For a self-driving car, there are infinite examples of how this can benefit driving. Another easy example is coming to a 4-way stop in a residential area. Tesla FSD cannot currently determine by sight if the crossing traffic also has a stop sign. It does not read “4-way stop” text, and cannot interpret seeing the back sides of the cross traffics stop signs. Perhaps someday it will get better at both of these items, but it will be a very long time until it is as good as a human. So in the meanwhile, FSD approaches the stop not knowing if the crossing traffic has to stop or not (unless it is already using this metadata). Therefore, it waits, it creeps until it thinks it can see far enough to go safely. A painfully slow process. But, other Teslas may have driven on the cross street and seen the stop signs. This information can be passed on to the collective and out to the fleet, so all cars now know that this is a 4-way stop.
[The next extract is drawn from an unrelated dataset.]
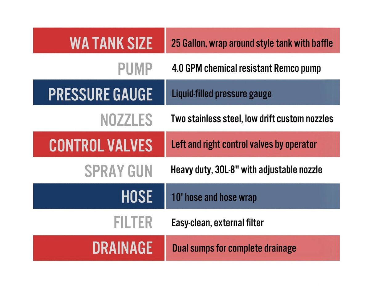 25 gallon wrap-around tank, dual Superior 1400SI nozzles, 4 GPM pump, GunJet ® 30L-8 spray gun with adjustable tip.
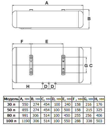 Прибор, объемом 80 литров, работает на двух режимах мощности.

This does not mean though that this is the end of data collection for the intersection. Tesla can continuously evaluate how cars are moving through the intersection (under FSD or not). Also, if it does detect crossing traffic approaching the intersection at an unexpectedly high speed, it would know to have additional caution. Or perhaps it finds cars braking hard at this intersection, etc. This data can be collected and feedback into further updates. Perhaps, 1) the stop sign has been removed and needs to be re-assessed, or 2) cars often run this stop sign and this should be accounted for in their driving.

For the Tesla universe, they can collect and disseminate this data, so all cars can benefit from the fleet. I envision that this would at first be slow feedback with monthly/weekly updates. But the cycle can be automated and eventually be near instantaneous. Like Waze/Google real-time traffic data on steroids.

Final Words

In the Tesla self-driving world, there seems to be this overarching idea that they will go from where they are today directly to a fully autonomous car. I think this is crazy. I tried to formulate some of my thoughts around this recently in a previous post. In that post, I did not explain this driving enhancement based on map metadata in any detail, but it is a big part of my thinking. You can see it here: Tesla FSD Milstones. And have posted a bit on Twitter about it as well. My Twitter Blue account is https://twitter.com/fsd_now if you’d like to follow along.

FSD must crawl before it can walk. And walk before it can run. There will be a reasonable progression in autonomous driving. It will not magically show up one day. I have suggested a possible progression in this Tesla FSD Milestones posting.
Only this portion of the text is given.